Seminar

4.00 pm: Carlos Pastor Alcoceba



Title:​ Lattice points in symmetric bodies.

Abstract: In a lattice point problem we are interested in estimating the number of points with integer coordinates lying inside a certain subregion of $\mathbb{R}^n$ depending on a parameter, as the parameter becomes large. Usually this family of regions correspond to dilations of a single convex body. We will see that Fourier analysis (in particular Poisson's summation formula) and exponential sums play a key role in this kind of problems. Extra symmetries can often be exploited to obtain better bounds for the error term, but technical conditions might arise.

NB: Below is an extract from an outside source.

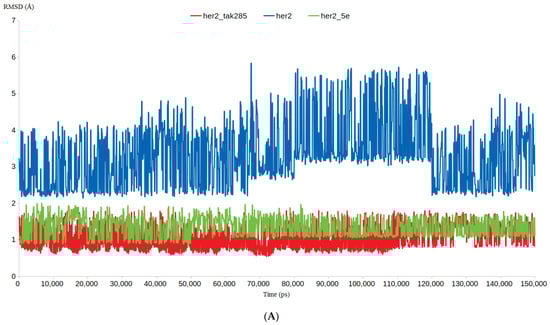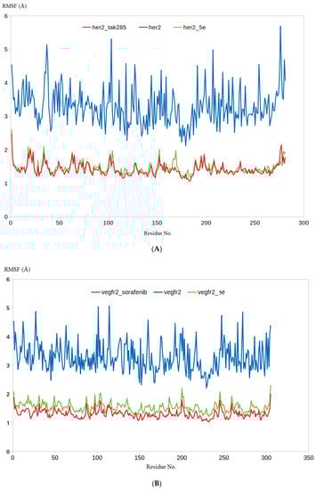 The four complexes 5e–HER-2, 5e–VEGFR-2, TAK285–HER-2, and sorafenib–VEGFR-2, in addition to the Apo form of HER-2 and VEGFR-2, were subjected to molecular dynamic simulation (MDS) for 150,000 ps. The same MDS methodology as previously published by our group was applied in the current study [] (see Supplementary Materials section for further details). Indicative parameters, such as RMSD and RMSF, were calculated to evaluate the stability of all the complexes.

4.30pm: Vlad​imir​   Mitankin

Title: Integral points on generalised Chatelet surfaces

Abstract: For an integer a and a separable polynomial P(t) with integral coefficients we look at affine surfaces X cut out by y^2 - az^2 = P(t). Under the assumption that there is no integral Brauer-Manin obstruction and under Schinzel's hypothesis we are able to deduce that X satisfies the integral version of the Hasse principle. Furthermore, we are able to approximate in the t variable any finite collection of local points corresponding to finite primes with an integral point on X. This work is based on a classical result of Colliot-Thélène and Sansuc regarding rational points. We inject tools from algebraic number theory so that we can modify their argument in a way that works for integral points.